My introduction to Saramago's work was the 1995 novel Blindness (Ensaio sobre a Cergeza), which appeared in English (translated by Giovanni Pontiero) in the fall of 1997.  An allegory about the effects on civilization of man's loss of our most important and essential sense--sight--and the possibility, even after societal breakdown, of humanity, Blindness struck me at the time as the work of someone writing at the very height of his powers. The next year Saramago received the Nobel Prize, in part for this extraordinary book but also for his oeuvre, up to that point, consisting of the poetry he'd written during his fallow fiction period, of some 30 years, and the nearly dozen novels up to that point, including Manual of Painting and Calligraphy, Baltasar and Blimunda (Memorial do Convento), The Year of the Death of Ricardo Reis, The Stone Raft, The History of the Siege of Lisbon, and The Gospel According to Jesus Christ. This last inventive, irreverantly anti-religious book sparked denunciation by the Roman Catholic Church, which led the Portuguese authorities to withdraw Saramago's name for a prize consideration, which thus led him to decamp for Lanzarote, in Spain, where he lived for the remainder of his life. From the time of his Nobel Prize he was sometimes derided as or viewed solely in terms of his affirmation of Communism, and he also received harsh criticism for his critique of Israel's treatment of the Palestinians. His work, however, rarely dealt overtly with contemporary politics or ideology, either in the abstract or, in the case of Portugal's, where the Salazar dictatorship spanned a great portion of his life; only in one novel, The Year of the Death of Ricardo Reis, I believe, does he directly treat a fairly recent political moment, 1936, when war and fascism were engulfing Europe--and Salazar seized control of the Portuguese state--but in his inimical, indirect fashion; the eponymous protagonist, Reis, is, in fact, a heteronym of Portugal's towering 20th century literary figure, Fernando Pessoa, whose death provokes Reis's return from Brazil and who makes repeated, ghostly and increasingly troubling appearances, finally leading to Reis's own "death," as it were, at the novel's end. Saramago has stated that this strange and enchanting book is his favorite.

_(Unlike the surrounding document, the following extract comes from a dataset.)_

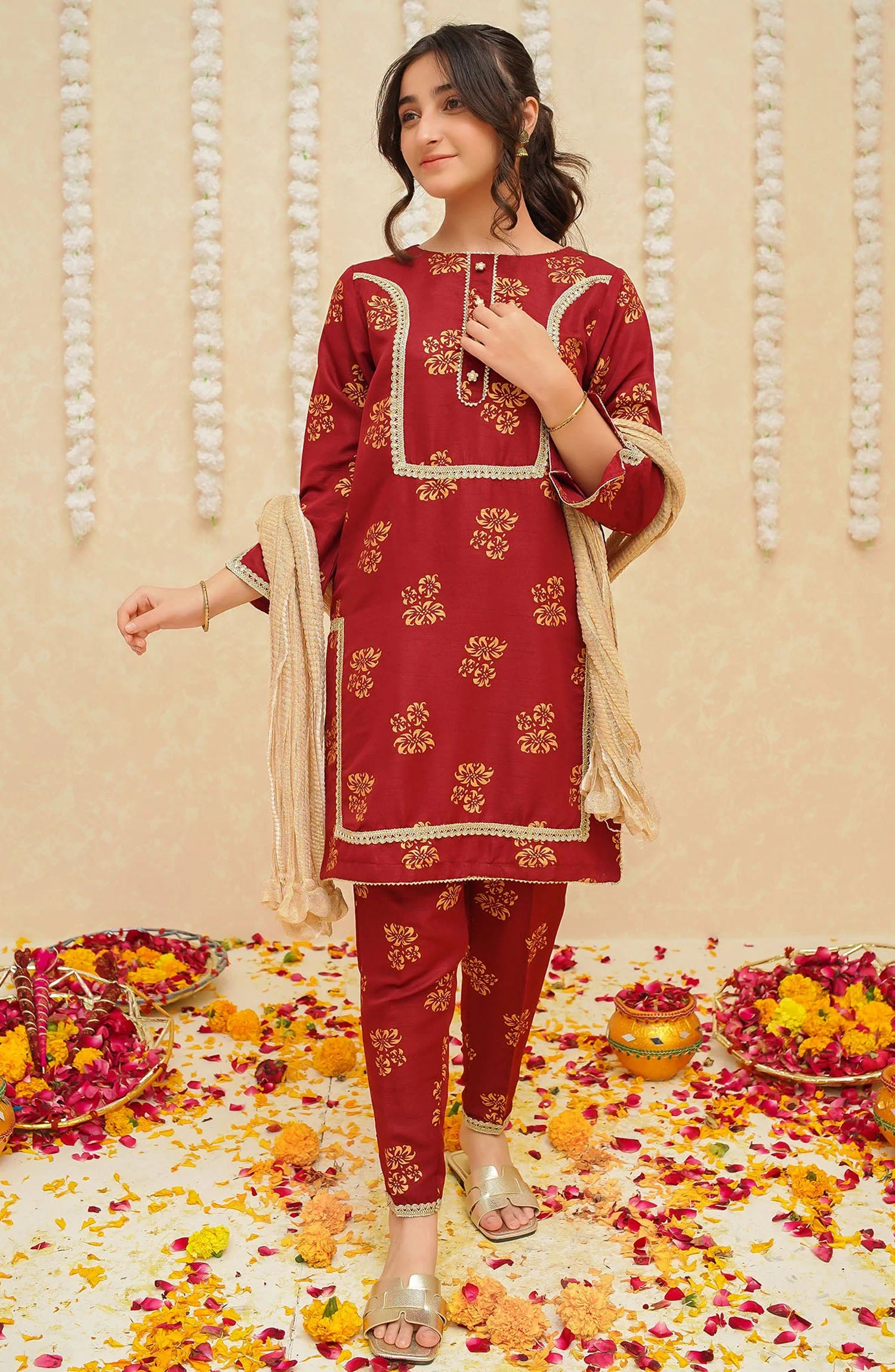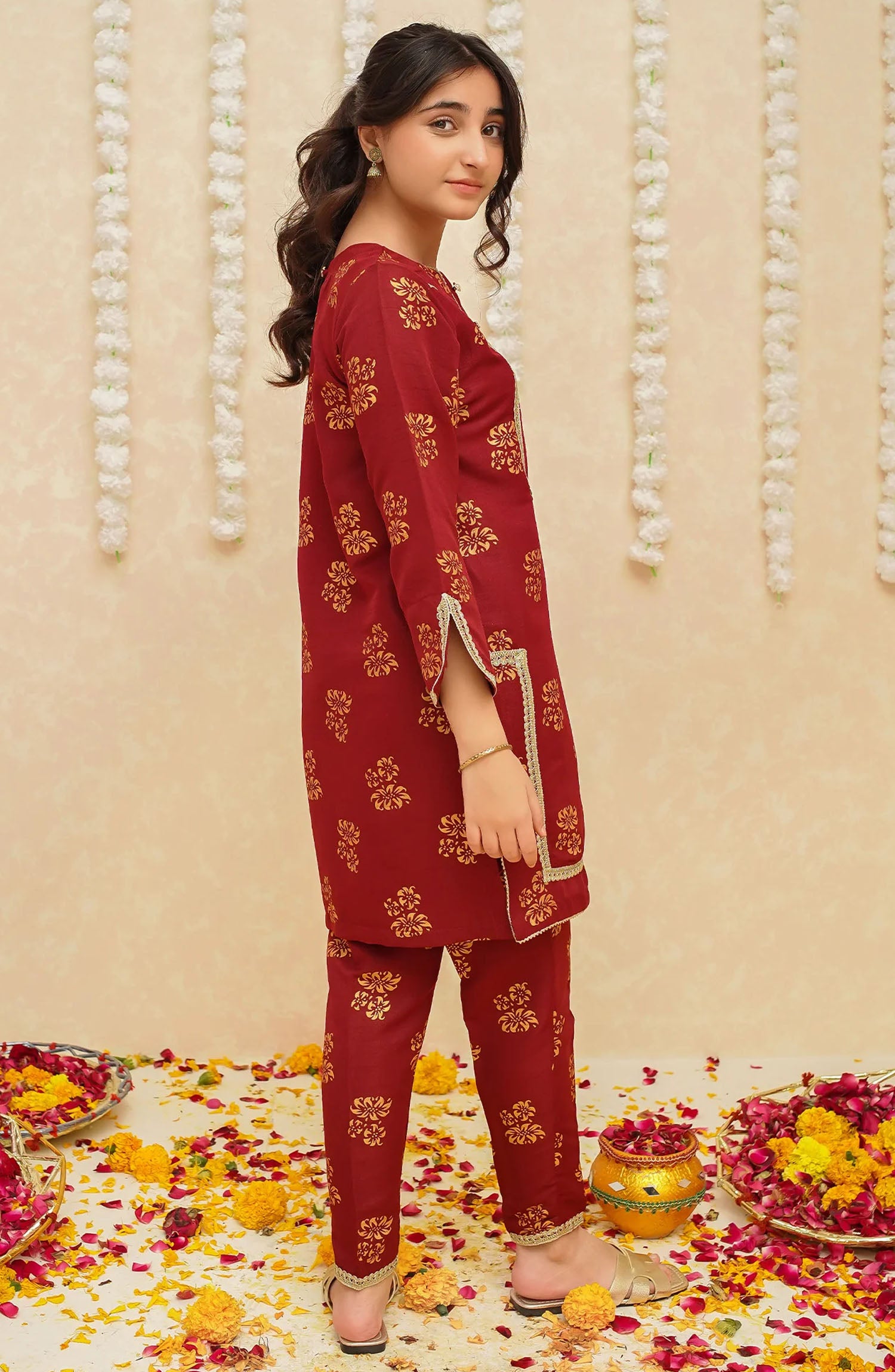 "This stunning Raw Silk shirt is beautifully designed with intricate neck detailing and daman golden lace embellishment. Itâ¬â¢s paired with a straight trouser,  making it an ideal choice for festive events and celebrations

The last book of Saramago's that I read was 2003's The Double (O Homen Duplicado), published in 2004 in English. A haunting metaphysical meditation, The Double starts with the principle of the doppelgänger, and plays it out, with devastating consequences, to its logical end. Saramago's prose style presents an initial challenge, but once you get past and into the flow of the storytelling, this bizarre tale unfolds like a charm: at the suggestion of a coworker, a man recognizes a double of himself in a videotape, conspires to meet the double, does do so while withholding the details and truth from his beloved, switches places with the man, terrible things ensue, and then...he's contacted by someone whose voice, as was the case with him and his double, sounds--in so much as he might appear--like his double. Only the protagonist decides he ought be preemptive this time around, and so.... This reductive plot summary hardly conveys the literary and philosophical richness of the novel, which, like several of Saramago's later works, unfolds on a more narratively abstract plane, giving it the quality of fable, or allegory, or myth. And there is enough in this work to ground the reader in a here-and-now, in a material world, swiftly but authoritatively drawn, full of suspense and disquiet, such that you not only become part of it, but care about these characters and feel the topsy-turvy emotions they experience.  This is the case not only for The Double, but for all the ones of Saramago's that I've read. He was, and remains, among the best.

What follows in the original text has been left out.